1. "ANTI-TERRORIST" POLICE STATE ADVANCES
The American Civil Liberties Union (ACLU) is urging citizens to oppose the anti-terrorist legislation now pending in Washington, charging that it grants intelligence agencies unchecked powers. "Ten years from now, our fear is that the American public will look back to this legislation and say, 'this is where we crossed the line to a surveillance society,'" says Laura W. Murphy, Director of the ACLU's Washington national office. "Because of the broad new powers to wiretap telephone and Internet communications, the legislation weakens essential checks and balances that the judicial branch has exercised over law enforcement." The group also protests that the bill's definition of "terrorism" is overly broad, covering actions that "no reasonable person would consider terrorist activities." For example, under the version already adopted by the House Judiciary Committee, "an organization like the People for the Ethical Treatment of Animals (PETA) could be investigated as a terrorist group because one of its members hits the Secretary of Agriculture with a pie." The bill would also grant the government the authority to request "secret searches" in any criminal case. "This vast expansion of power goes far beyond anything necessary to conduct terrorism investigations." (ACLU press release, Oct. 4, 2001)

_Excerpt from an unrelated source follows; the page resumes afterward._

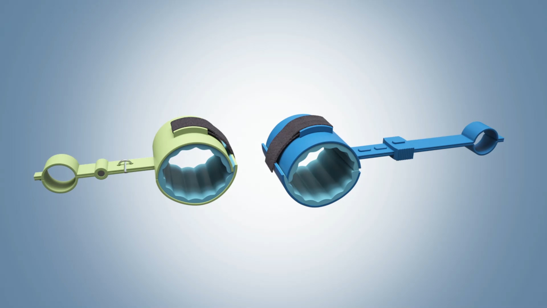 A cushion cuff for restraining patients when necessary.

Some changes have been instated unilaterally by the White House without waiting for Congressional approval. The Bush administration has announced a major expansion of its power to detain immigrants suspected of crimes. The new rules allow legal immigrants to be detained indefinitely during a "national emergency" such as terrorist attack. Citing the new powers, the Justice Department says it will continue to hold 75 immigrants arrested in connection with the WTC/Pentagon attacks. Previously, the department faced a 24- hour deadline on whether to release detained immigrants or charge them with a crime or violating the terms of their visa. (New York Times, Sept. 19, 2001)

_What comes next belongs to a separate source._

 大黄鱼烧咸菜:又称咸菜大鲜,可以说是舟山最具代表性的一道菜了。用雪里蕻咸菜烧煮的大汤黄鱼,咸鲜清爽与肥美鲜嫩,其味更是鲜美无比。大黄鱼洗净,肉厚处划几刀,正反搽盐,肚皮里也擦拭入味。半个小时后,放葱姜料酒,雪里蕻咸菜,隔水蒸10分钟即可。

Meanwhile, the New York State Legislature has already passed new anti-terrorist legislation, and Gov. George Pataki signed it into law Sept. 16. Civil rights groups also consider the legislation overly broad in defining "terrorism"-now punishable by life in prison-as commission of an offense designed to "intimidate or coerce a civilian population" or "influence the policy of a unit of government." AP, Sept. 17, 2001 [top]

2. WEB SITES SHUT DOWN BY "HOMELANDS SECURITY"
On Sept. 29, Radio Free Eireann on New York's WBAI reported that IRARadio.com, the web site which archives all Radio Free Eireann broadcasts, has been taken down because the web service provider was threatened with seizure of assets if it continued to host "terrorist" radio programs. Travis E. Towle, founder and CEO of Cosmic Entertainment Company, which put up IRARadio.com, was told by their service provider, Hypervine, that they had been "strongly advised" to take the web site down. A Hypervine representative read Towle a statement that, under an Executive Order recently signed by President Bush, the newly-created Office of Homeland Security can seize all assets-"without any notice"-of any company found to "support terrorism." Hypervine is a subsidiary of the New York based Skynet.

Cosmic Entertainment also hosts the web sites archiving two other WBAI radio programs, "Our Americas" hosted by Mario Murillo, and "Grandpa Al Lewis Live," featuring commentary by the actor and political activist who starred in "The Munsters" and "Car 54 Where Are You?" The "Grandpa Al Lewis Live" site has apparently also been taken down.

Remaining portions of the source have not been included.